▸ **YOUR GOAL**: Repeat the material exactly from its first line to the line that includes "замками дверей |". Skip pictures.

▸ **DATA EXTRACT**:
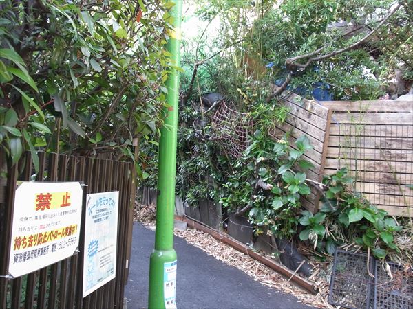 庭のあふれたごみが道路に出ないように板などで支えている
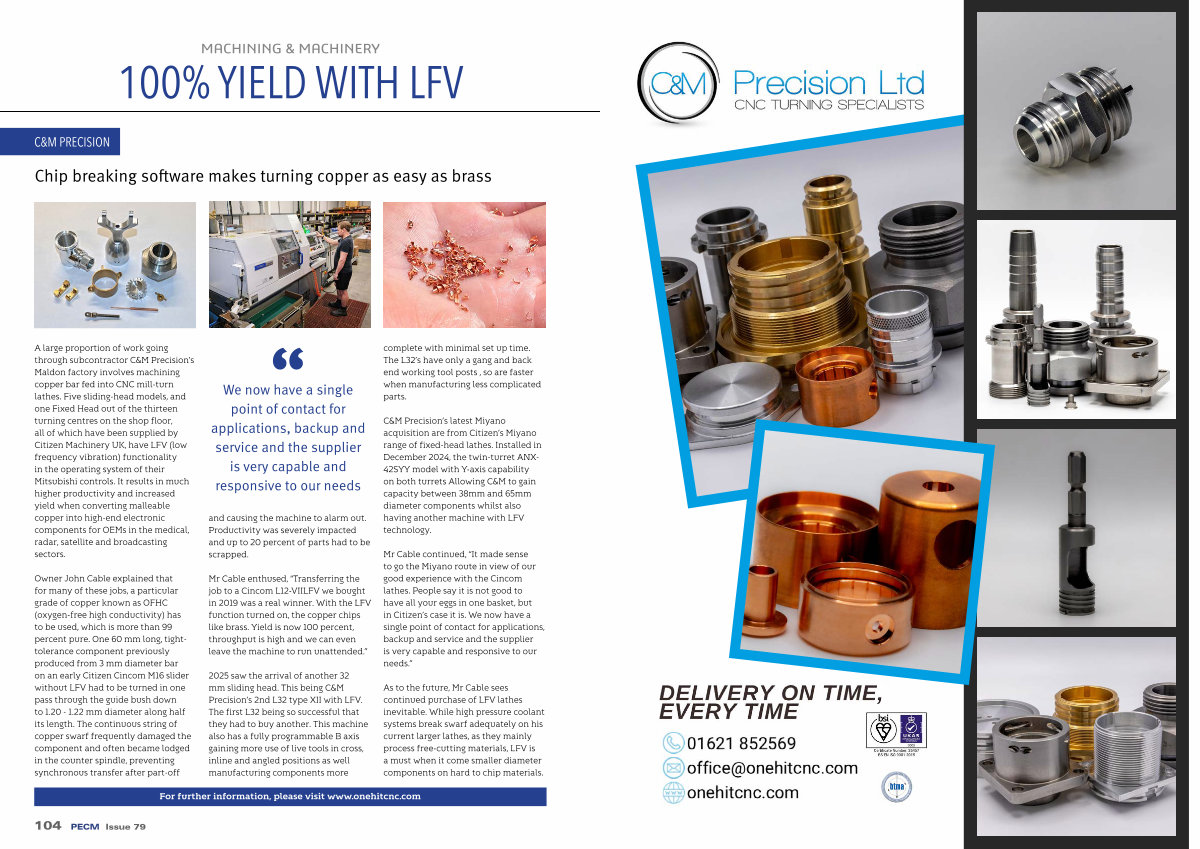 A large proportion of work going through subcontractor C & M Precision’ s Maldon factory involves machining copper bar fed into CNC mill-turn lathes. Five sliding-head models, and one Fixed Head out of the thirteen turning centres on the shop floor, all of which have been supplied by Citizen Machinery UK, have LFV( low frequency vibration) functionality in the operating system of their Mitsubishi controls. It results in much higher productivity and increased yield when converting malleable copper into high-end electronic components for OEMs in the medical, radar, satellite and broadcasting sectors.
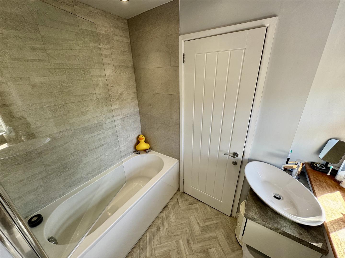 Comprising a three-piece suite to include low-level WC, wash hand basin set over storage unit and panelled bath with shower over and shower glass screen. Part-tiled walls. Window to rear elevation.
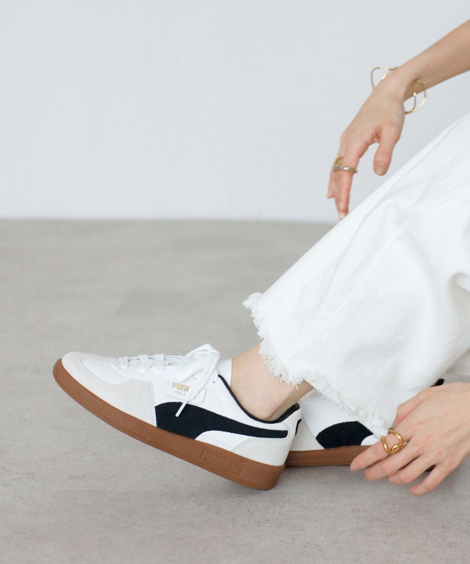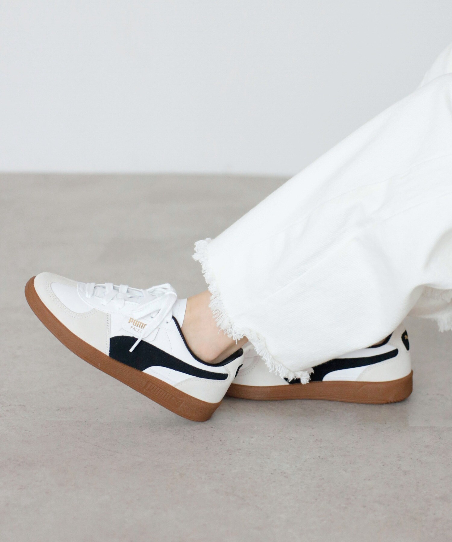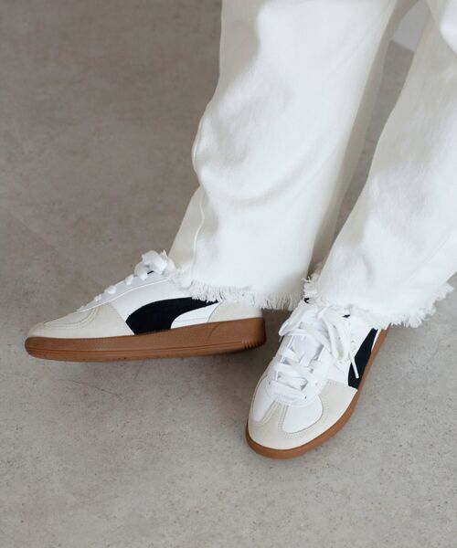 ホワイトレザー×ブラックスエードの配色が映える、上品なローカットスニーカー。
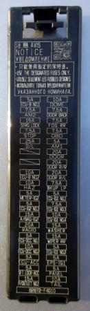 | D/L | 15A Управление замками дверей, система въезда и запуска, система иммобилайзера, запуск, блокировка руля, беспроводное управление замками дверей |
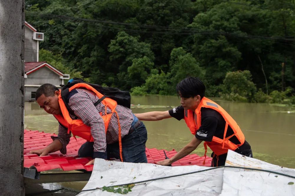 随着江西多地出现内涝,消防官兵也紧急出动,持续开展救援工作,将被困群众转移到安全地区。

▸ **EXERCISE SOLUTION**:
 庭のあふれたごみが道路に出ないように板などで支えている
 A large proportion of work going through subcontractor C & M Precision’ s Maldon factory involves machining copper bar fed into CNC mill-turn lathes. Five sliding-head models, and one Fixed Head out of the thirteen turning centres on the shop floor, all of which have been supplied by Citizen Machinery UK, have LFV( low frequency vibration) functionality in the operating system of their Mitsubishi controls. It results in much higher productivity and increased yield when converting malleable copper into high-end electronic components for OEMs in the medical, radar, satellite and broadcasting sectors.
 Comprising a three-piece suite to include low-level WC, wash hand basin set over storage unit and panelled bath with shower over and shower glass screen. Part-tiled walls. Window to rear elevation.
 ホワイトレザー×ブラックスエードの配色が映える、上品なローカットスニーカー。
 | D/L | 15A Управление замками дверей, система въезда и запуска, система иммобилайзера, запуск, блокировка руля, беспроводное управление замками дверей |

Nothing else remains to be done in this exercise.